The voltages so produced are scanned by a stepping switch 34 which is actuated by a coil 36. A terminal 38 of the switch is grounded and it represents time zero in each sub-frame. A terminal 40 of the switch is connected to a battery 42 which provides the synchronizing pulses.
The rotor of the stepping switch 34 is connected to a resistor- condenser network 44, 46 which is connected to a trigger circuit 48. The time constant of the resistor- condenser network 44, 46 causes the trigger to produce pulses of 0.5 second duration at times that are representative of the voltages produced by the respective sensors. Thus, the time spacing between the data pulses that are produced at the output of the trigger 48 is an analog representation of the magnitude of the data as measured by the sensors 20, 22 and 24.

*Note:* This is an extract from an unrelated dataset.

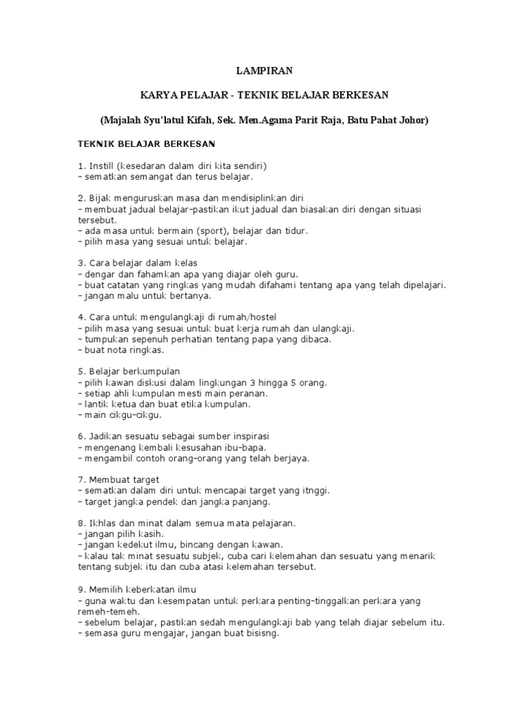 Lampiran Karya Pelajar Teknik Belajar Berkesan Majalah Syu Latul Kifah Sek Men Agama Parit Raja Batu Pahat Johor

If the redundant pulses R1 and R2 are to be equally spaced in time between the adjacent data pulses, the dividers 26, 28, 30 and 32 divide the voltages that are produced by the sensors 22 and 24 by two.
The rotor of the stepping switch 34 is on terminal 38 at time zero. Upon actuation, the rotor moves to terminal 40 which carries a voltage which immediately actuates the trigger 48 to produce a sync pulse. Upon further actuation, the rotor scans terminal 50 and the trigger 48 produces data pulse D1. Thereafter it engages terminal 52 and the trigger 48 produces redundant pulse R1. Next it engages terminal 54 to produce data pulse D2. Redundant pulse R2 and data pulse D2 are produced when the rotor scans terminals 56 and 58.
The coil 36 of the stepping switch is first energized by a pulse produced by the oscillator 60 and pulse generator 62 which produce one pulse each sixty seconds which are applied through an amplifier 64 to the coil 36. Thereafter during one sync interval the coil 36 is energized in steps by the pulses that are produced by the trigger 48.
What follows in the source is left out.